We selected INFA44TIW as the comparator for our analyses of confidence in the evidence, instead of placebo like Tramacere et al. [8]. Due to the effects of imprecision, selecting a high-efficacy comparator, such as NAT300Q4W, would downgrade the quality of evidence for each comparison, whereas selecting a low-efficacy comparator, such as IFNA30QW or placebo, would excessively upgrade the quality of evidence. High-efficacy comparators present the highest quality of evidence for efficacy, whereas intermediate- and low-efficacy comparators present moderate and low quality. Evidence obtained for safety was mainly high quality. None of the comparisons were downgraded due to heterogeneity, publication bias or intransitivity; however, the low heterogeneity may have been caused by the small number of studies in each pairwise meta-analysis. Our sensitivity analyses demonstrated no problems associated with transitivity.

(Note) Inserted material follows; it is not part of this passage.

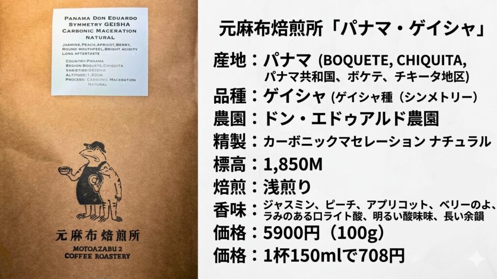 元麻布焙煎所のパナマ・ゲイシャ(カーボニックマセレーション)の価格は100gで5,900円。

As a result of our analyses, especially of efficacy evaluation, we suggest a three-category classification for RRMS instead of the two categories recommend by ABN [7]. We identified three efficacy clusters: high efficacy (i.e. ALE12, NAT300Q4W and OCRE600Q6M), intermediate efficacy (i.e. CLA3.5, FING0.5QD and BG240BID) and low efficacy (i.e. PIFN125Q2W, GA40TIW, IFNA44TIW, GA20QD, TERI14QD and IFNB250EOD). This reclassification would have an impact on selecting first-line therapies for patients with more aggressive conditions (highly active or rapidly evolving severe); although there is not sufficient evidence, it seems that high- and intermediate-efficacy therapies could be the first-line choice for patients with more aggressive conditions, which makes a difference, especially for FING0.5QD and BG240BID, currently in category 1 in the ABN guidelines [7], but also for CLA3.5, not included in the guideline. Although ABN guidelines draw no difference between interferons and teriflunomide, our network identified TERI7QD and IFNA30QW as the worst options for ARR, which probably justifies removing them from the guideline. Considering its efficacy profile, DAC150Q4W could be proposed as intermediate efficacy; however, recently the manufacturer announced voluntary worldwide withdrawal of marketing authorisations for Zinbryta® for RRMS due to identification of cases of inflammatory encephalitis and meningoencephalitis [38].

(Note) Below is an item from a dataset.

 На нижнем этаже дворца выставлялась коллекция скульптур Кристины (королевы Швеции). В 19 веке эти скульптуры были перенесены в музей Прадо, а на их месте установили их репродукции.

As in any systematic search, there is a chance that studies were missed. However, the grey literature and manual searches found no additional studies, reinforcing the quality of our search. Although we applied strict selection criteria for the type of MS, we found poor reporting of raw data in subgroup analyses of primary studies, which precludes us from performing subgroup meta-analyses (e.g. age, EDSS, disease duration, disease activity). The rapid evolution of the diagnostic criteria may produce differences in efficacy assessment, and we could not make sensitivity analyses, because most DMTs were evaluated by a single criteria. Moreover, analyses for DAE may not represent accurate safety concerns as seen in real-world settings.

5 Conclusion

High-quality evidence shows that alemtuzumab, natalizumab and ocrelizumab present the highest efficacy among DMTs, and other meta-analyses are required to evaluate the frequency of adverse events to better understand the safety profile of these therapies. Based on efficacy profile, guidelines should considerer a three-category classification (i.e. high, intermediate and low efficacy). Specific studies should be conducted for a more precise selection of therapies for more aggressive RRMS conditions.